I also think that she is probably one of the most pivotal persons in American gastronomy, because I firmly believe that without her influence in teaching Americans how to cook and eat, we might still be stuck back in the horrible food of the 1950’s where canned cream of crab soup and sherry sprinkled with minced parsley passed as a “gourmet” dish.
Mind you, we are still a fast food nation, and we still have folks eating from cans and boxes, but I think that without the influence and teaching of Julia and those who have followed her, American food would be in worse shape than it is now, and there might not even be a whole bunch of food bloggers out on the ‘net, cooking, teaching, and writing about food like mad today.
As for a person in my life who has influenced me–well, as regular readers know, I was blessed with two grandmothers who were phenominal cooks. From my mother’s mother, I learned the growing of food from seed to plate, and how to treat it along the way, both in the garden or farmyard and the kitchen, in order to take advantage of it at its peak of freshness. From my father’s mother, I learned frugality and how to do more with less, and also how to be methodical in the kitchen, and take my time, and observe the cooking process. She taught me to use my senses, all of them, as I cooked, so that I would not be hampered by having to follow recipes exactly.

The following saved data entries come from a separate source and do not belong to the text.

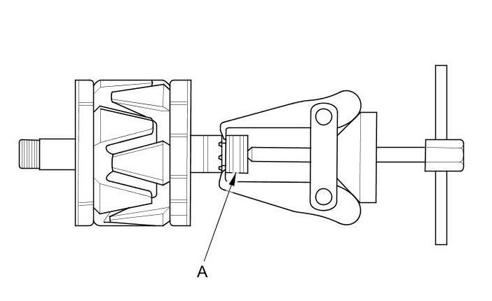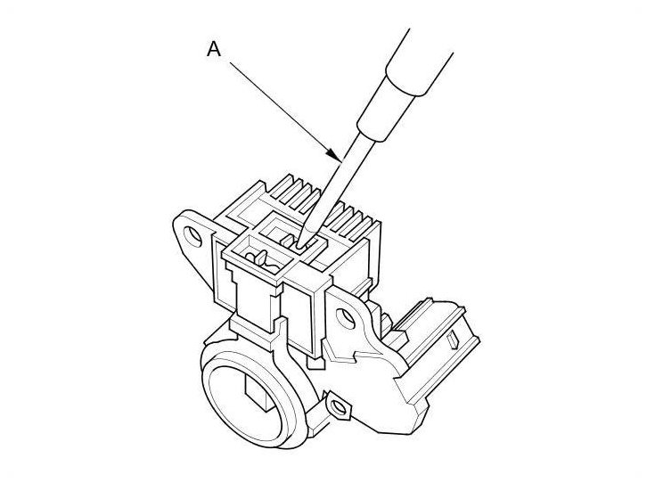 20. Unsolder the brush leads from the voltage regulator/brush holder assembly with a 100 W soldering iron (A), then replace the brushes.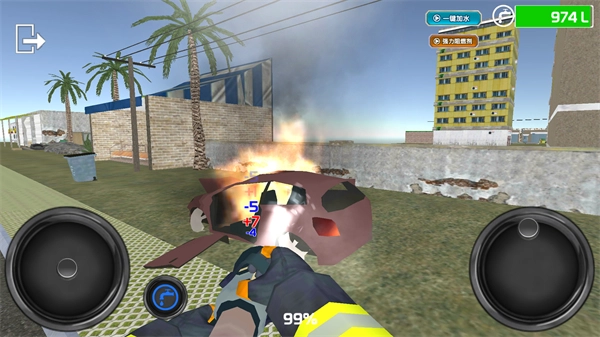 5、点击下方开启水龙头的小按钮,水枪便会开始放水,此时需借助摇杆控制方向,对准着火点实施灭火操作。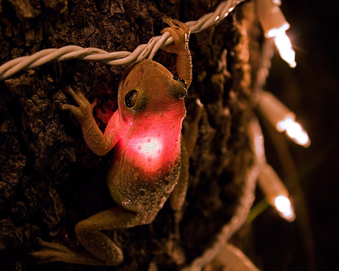 2009年9月,美国一名摄影师在自己用彩灯装饰的树上发现了一只浑身发光的树蛙。原来,这只树蛙在捕捉灯泡上的虫子时竟将灯泡整个吞入嘴中,随后只好被挂在树上。幸好被摄影师发现解救,才幸免于难。
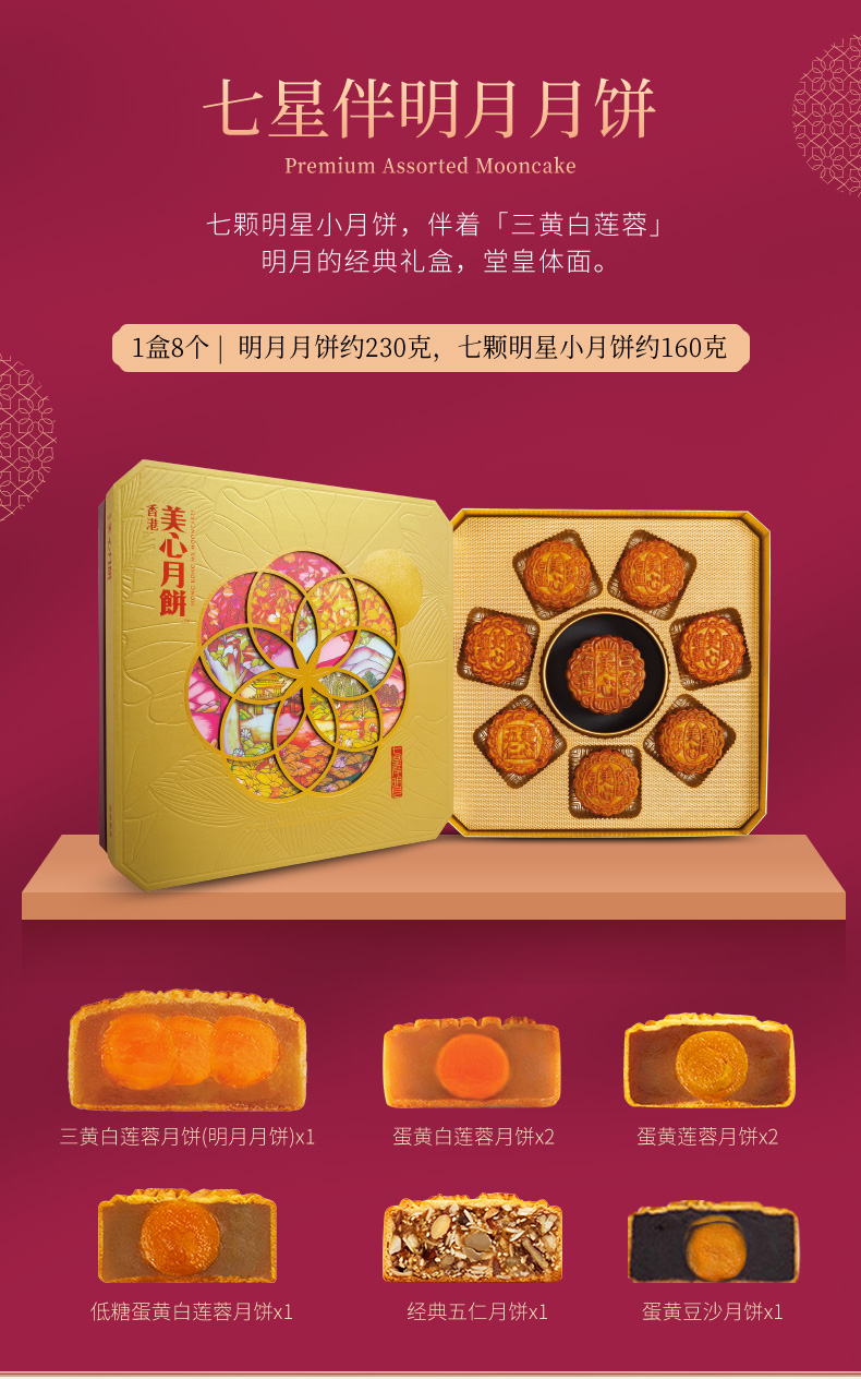 中国香港美心七星伴明月月饼礼盒1350g中秋港式糕点零食

I also have aunts on both sides of the family who are great cooks: Aunt Nancy and Aunt Judy. (There are more–my family loves good food, but these are the folks who were the strongest influences on me.) Aunt Nancy encouraged my budding use of garlic and herbs by saying, “Oh, you did it right–it smells like my old neighborhood in Providence” when I cooked my first real Italian dishes. (She grew up in a primarily Italian and Portuguese neighborhood in Providence, RI.) Aunt Judy, a disciple of Saint Julia, taught me to be creative and not worry overmuch about food, and to try things that seemed too hard to master. She taught me to be fearless in the name of flavor.
But, I also want to give homage to an often unsung hero in my culinary background.
Zak, my husband, who is my only failure as a cooking teacher (do not try to teach someone to cook when you are hungry and are trying to put dinner on the table–especially if that person is a shy and nervous student–it is a recipe for disaster) , but who has been my willing guinea pig for new recipes for years. He also is the one to introduce me to Thai food, and has been supportive of every one of my cooking endeavors, from my decision to attend culinary school to my explorations of Indian food to my food blogging hobby. (In fact, the food blog was his idea and he pushed me to pursue it. He was right, of course.)
He is a great critic, and he has become knowledgable enough about food in order to discuss it intelligently. He’s been my best friend and partner along for the ride on most of my culinary adventures, and what’s more he not only supports my nerdish tendencies–he encourages them.
So there we have it–The Butterfly Effect.
(Oh, and one more thing–about the photographs–they were taken about three years ago in our old garden in Pataskala.)